As one of the leading figures of post-war abstract painting, Kenneth Noland’s commitment to line and colour is unparalleled. In this exhibition, his first solo show in London for two decades, Pace showcases a selection of works that exemplify an unwavering mastery of expression through abstraction.
At first glance, the paintings seem innocuous enough, having secured Noland a position in the canon of abstract art, but there is something much deeper, and ultimately more human, going on than in the work of many of his peers. Art historical comparisons abound: the horizontal canvases of stripes suggest Bridget Riley or Gerhard Richter; the criss-crosses bisecting planes of colour call to mind Piet Mondrian; the uninterrupted fields of saturated pigment with dashes of lines at the edges might put us in mind of a kind of Mark Rothko gone wrong or a misshapen Barnet Newman. But if art history teaches us anything, it is surely that there are only a few original ideas to go round, especially in abstract painting, where the idea is much less important than the effect. Consequently, we should not get too hung up on what it looks like and instead focus on how it makes us feel, which is where the magic really happens.
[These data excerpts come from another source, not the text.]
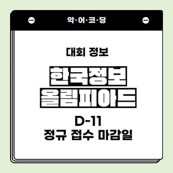 안녕하세요 한 번 물면 놓지 않는다! 대치동 코딩학원 악어코딩입니다 2026년도 한국정보올림피아드 1차 대회가 5월 10일(일) 에 온라인으로 열립니다. 오늘(4월 29일)은 대회 시작 D-11이자, 정규 접수 마감일입니다. 이맘때쯤 되면 이런 질문들이 많이 들어옵니다. "정규 접수 마감이 오늘이라는데, 놓치면 끝인가요?" "작년 1차에서는 어떤 문제가 나왔나요?" "당일 온라인 대회는 어떻게 준비해야 할까요?" 이번 글에서는 위 질문들에 대한 답이 될 수 있도록, 지금 꼭 확인해야 할 일정, 작년 기출 풀이 글, 그리고 당일 환경 체크리스트까지 한 번에 정리해보겠습니다. 대회 정보 한눈에 보기 가....... <img src="https://blogthumb.pstatic.net/MjAyNjA0MjJfMzIg/MDAxNzc2ODI3NjE4OTgw.h8oKDBPsCYp9uBCM9GmVfvcX9Jx3kHfGSp8nV4pgMXEg.YK3rs7NI3kXg5c6sIXD0w2vz2xMcwy8osxirve7yIUYg.JPEG/%BA%ED%B7%CE%B1%D7_%BD%E6%B3%D7%C0%CF-029_%281%29.jpg?type=s3" />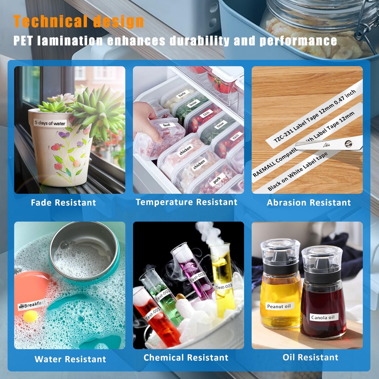- Features: Replacement for brother tze tz tape 12mm 0.47 laminated white tape is waterproof, abrasion resistant, fade resistant and temperature resistant; Split Backing Design: The backing tape is split lengthways down the middle for easy peeling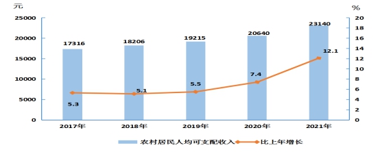 图13 2017年-2021年农村居民人均可支配收入及其增长速度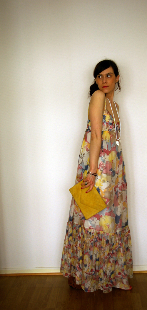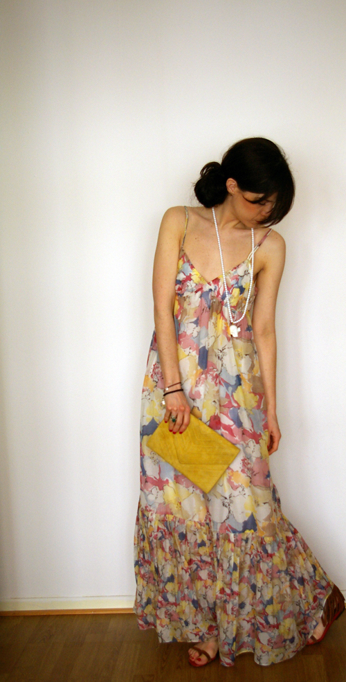 A la sauce simplement chic: avec un long sautoir doré H&M, des escarpins peep toe Gaspard Yurkievich et un sac vintage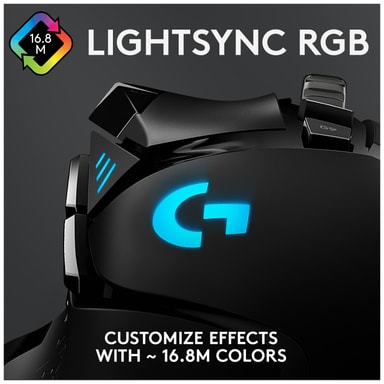 Musen er dit våben, men hvorfor kan et våben ikke også være stilfuldt? Den tilpassede RGB-belysning giver dig mulighed for at vælge mellem over 16,7 millioner farver og forskellige mønstre til din personlige smag. Takket være LightSync-teknologien vil musen skinne i takt med, hvad der sker på skærmen. Du kan endda synkronisere farver og lynmønstre med andre Logitech-G RGB-enheder ved hjælp af Logitech G HUB-softwaren.

It is all too easy to stand and stare at paintings like Noland’s, searching, surveying, scrutinising as if there is some hidden mystery to uncover, which is why people often find themselves frustrated: there is, simply speaking, not much of anything at all to see. Noland, like Rothko perhaps, was more interested in the emotive qualities of form and colour, couched in the language of geometry. For the most part, the lines are flawless – sharp, crisp, economic expressions of the shortest distance between two points – but occasionally you spot a playful disruption, such as in Untitled (1978), where the black line and the mauve line are unfinished at their lower extremities. Or, in the same painting, where a thick green line fizzles off into a sea-like shore that reveals the canvas underneath. But honestly, this is clutching at straws – there is hardly a brushstroke out of place.
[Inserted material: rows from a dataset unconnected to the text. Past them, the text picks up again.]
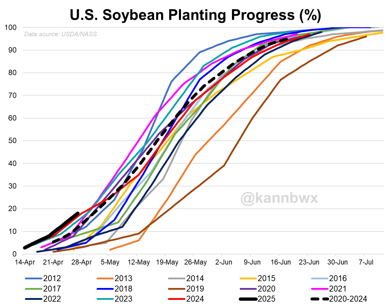 Crops should be rapidly planted during that time. Major concerns in southern plains for flooding next 2 weeks though."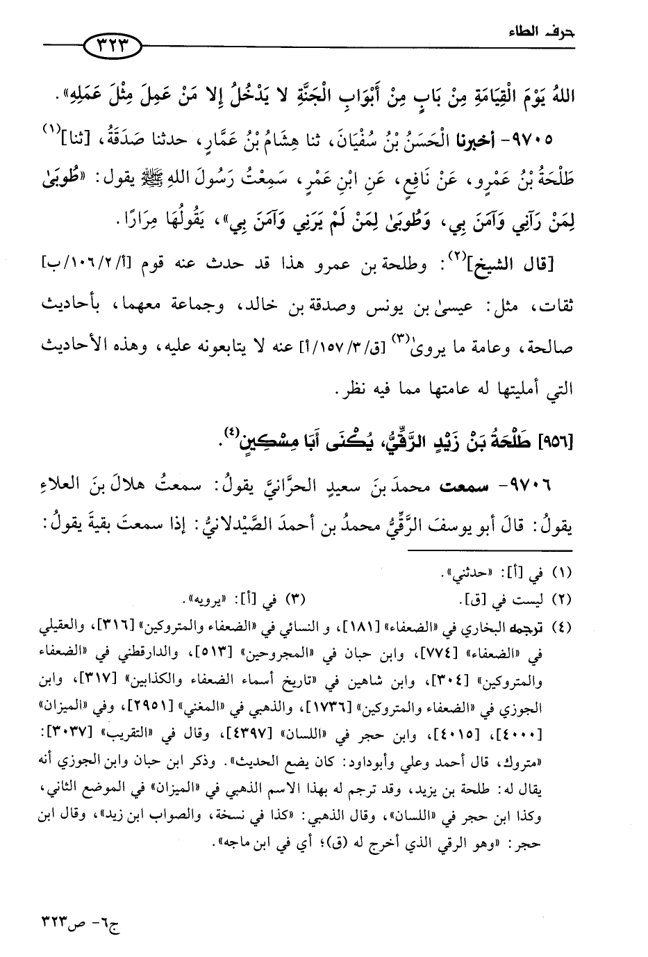 9706 - سمعت مُحمد بن سعيد الحراني يقول: سَمعتُ هلال بن العلاء يقول: قال أَبو يوسف الرقي مُحمد بن أحمد الصيدلانِي: إذا سمعت بقية يقول: حَدثنا أَبو مسكين الرقي فاعلم أنه يريد به طلحة بن زيد.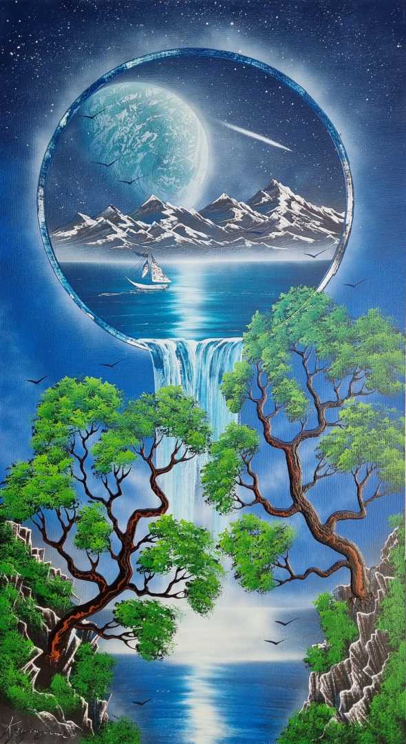Создание впечатления невероятного путешествия в другие миры и связи между разными измерениями. Эта картина может толковаться как врата в параллельную реальность, место встречи между мирами или прост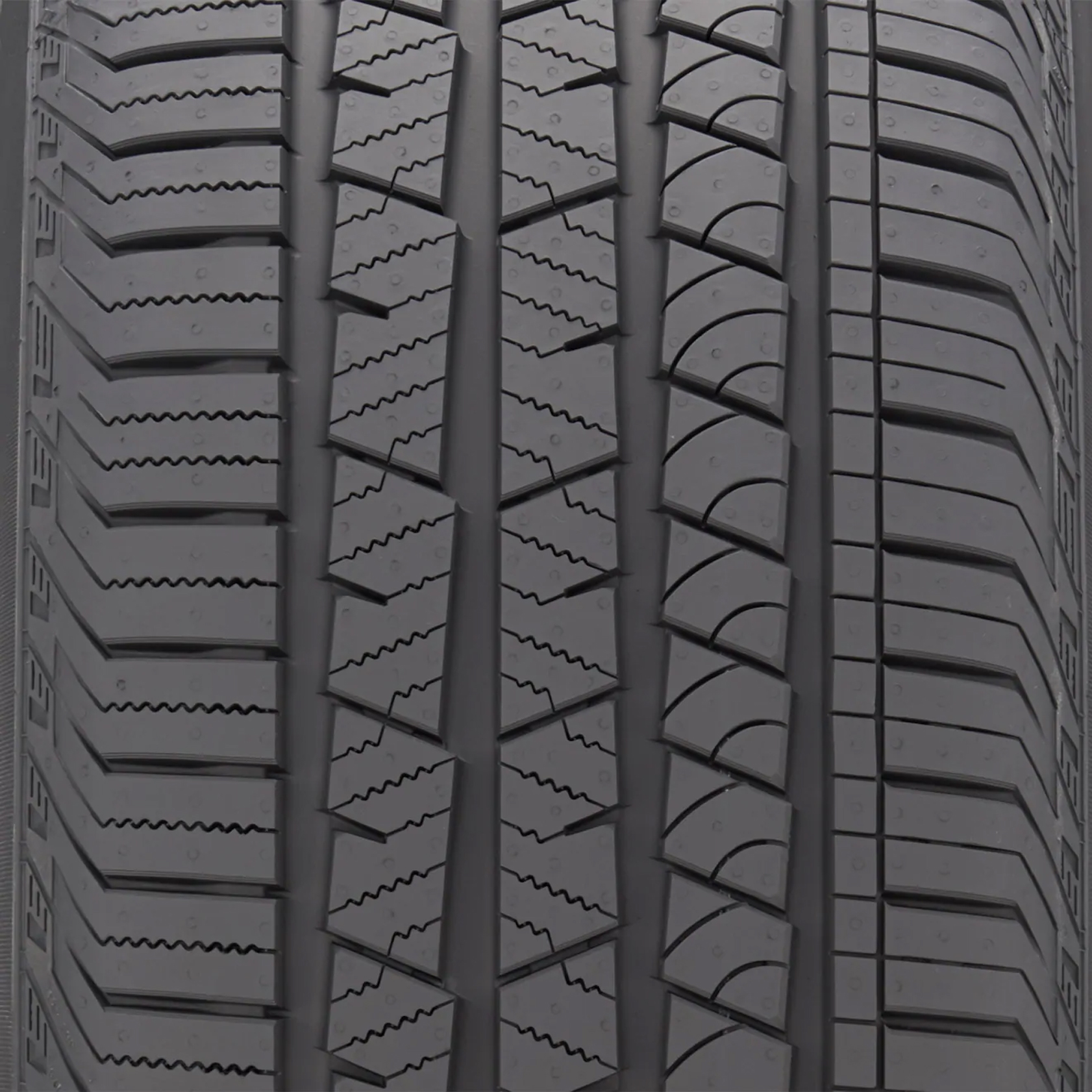 ’’Le pneu d’été/4 saisons ContiCross Contact LX Sport est destiné aux VUS moyens aux puissants et costauds 4X4. Il vous offre une exceptionnelle maniabilité pour une utilisation sur, et hors route, des performances de freinage remarquables sur route sèche ou mouillée, ainsi qu’une efficace évacuation de l’eau et une éjection rapide des pierres. Spécialement conçu pour réduire le bruit et la résistance au roulement, tout en améliorant le confort de conduite et la traction toutes saisons, même par neige légère. Le composé de bande de roulement asymétrique à base de silice Tri-net de Continental offre une maniabilité et une traction toutes saisons. Son épaulement extérieur cranté soutenu par une nervure circonférentielle continue favorise la réponse de la direction sur la route, la stabilité en ligne droite et le confort de conduite. Vous obtiendrez une distance de freinage réduite sur chaussée mouillée et une traction améliorée sur, et hors route. Le contour du pneu offre une optimisation de la résistance au roulement. 3 rangées de pavés centraux indépendants dotés de lamelles imbriquées améliorent la traction dans la neige légère, tandis que 4 larges rainures circonférentielles présentent un profil effilé afin d’améliorer la résistance à l’aquaplanage et de réduire les risques d’endommagement des pneus par les pierres prises dans la sculpture.’’

So, you might ask, if there is nothing much to see, what is there? These works are things you absorb more than you look at. They radiate off the canvas and into you, which is where Noland excels. Minted Morning (2003) glows through its muted pastel shades, giving out an enveloping warmth that is surprising considering the superficial lack of brightness. The effect of these Stripe works of the early 2000s is one of tranquillity and contemplation, the lines so comfortingly orderly that they disturb neither thought nor world. In the Plaid works of the 1970s, however, there is a controlled urgency, an assertiveness in the way the lines cross one another perfectly perpendicular, sometimes more or less translucent and sometimes resolute, such as in the elegant Interface (1973). The Shapes from the 1980s are another thing entirely: bold in stature, controlled in form, they feel displaced from some cosmic jigsaw puzzle, where works such as Reappearance (1981) obliterate our long-held sense of the canvas as a quadrangle, demonstrating that form – as pure geometry – is just an arbitrary expression of space.
Noland was a master of reiterating the same few core notions of line, colour and shape in ways that remain fresh, surprising and invigorating. He was not bound by rules, but was committed to the sincere evocation of feeling from a few simple principles, and this exhibition showcases some of his very best efforts.
Kenneth Noland: Stripes/Plaids/Shapes continues at Pace, 5 Hanover Square, London, until 4th March 2023.